• [SOURCE MATERIAL]:
<<<<

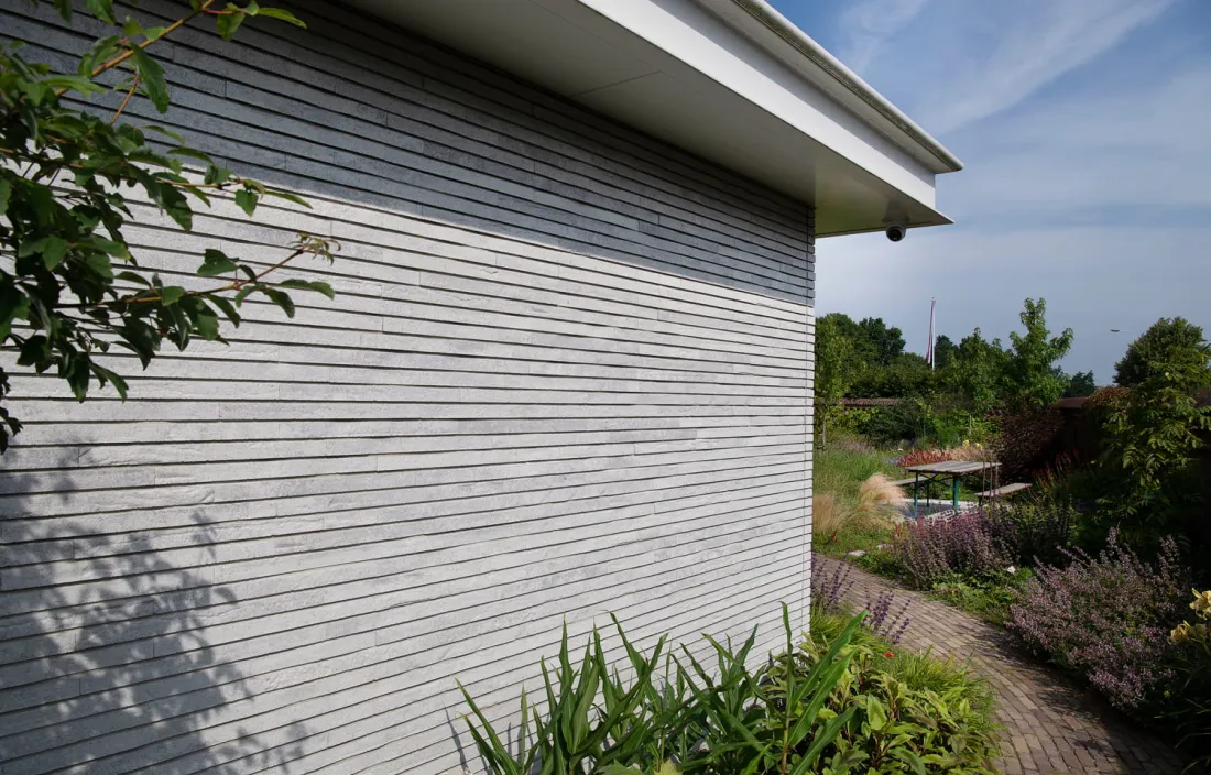 GeoStylistix - коллекция длинноформатного кирпича из камня и бетона. Это невероятно прочный и выносливый стройматериал, которому все нипочем. Ни дождь, ни солнечные лучи, ни снег. Имеет высокий уровень звукоизоляции, при этом не нагружает стену лишним весом.
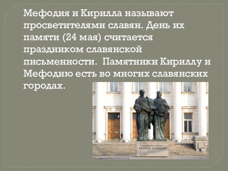 Мефодия и Кирилла называют просветителями славян. День их памяти (24 мая) считается праздником славянской письменности. Памятники Кириллу
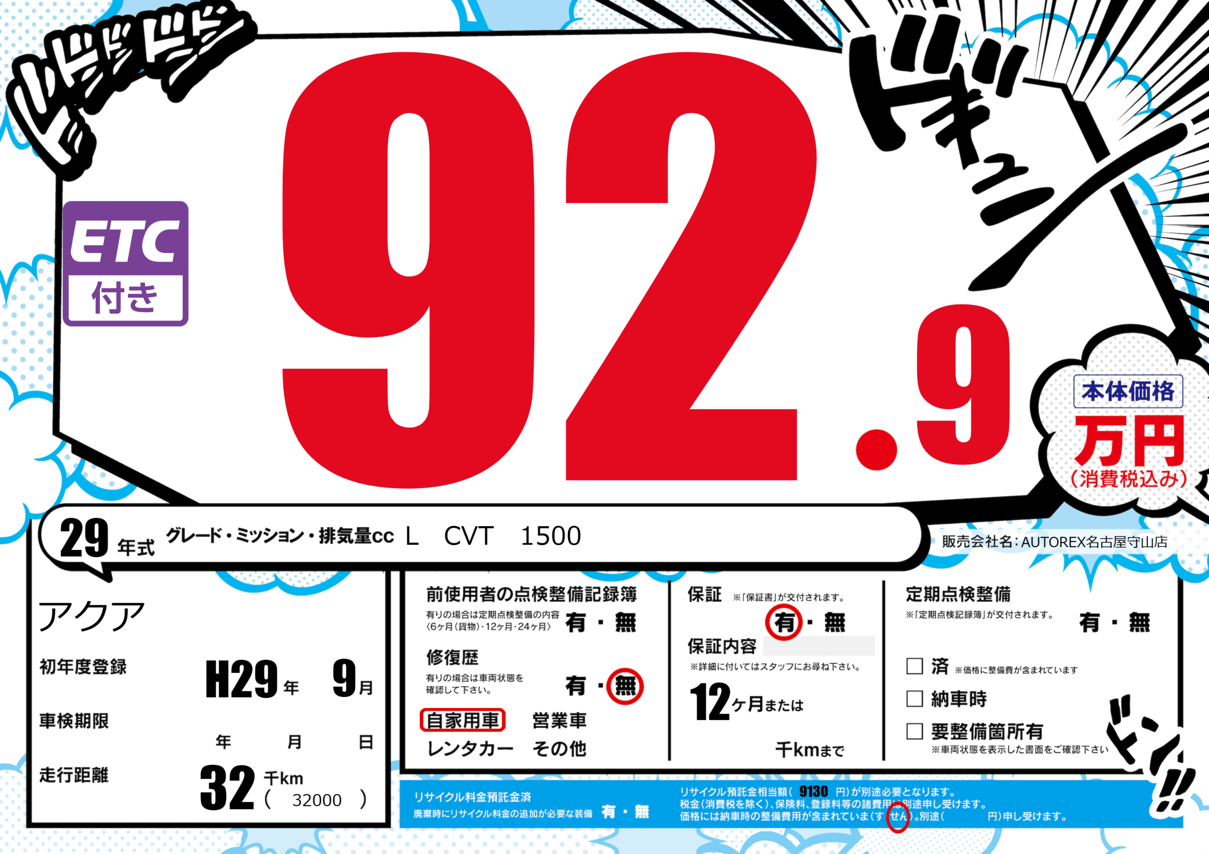 保証付き 保証内容(---) 12ヶ月または()千kmまで |

>>>>

• [WHAT YOU HAVE TO DO]: Reproduce, with the pictures omitted, exactly those lines that run from the line with "Мефодия и Кирилла" to the last line of the material, both ends included.

• [EXERCISE SOLUTION]:
 Мефодия и Кирилла называют просветителями славян. День их памяти (24 мая) считается праздником славянской письменности. Памятники Кириллу
 保証付き 保証内容(---) 12ヶ月または()千kmまで |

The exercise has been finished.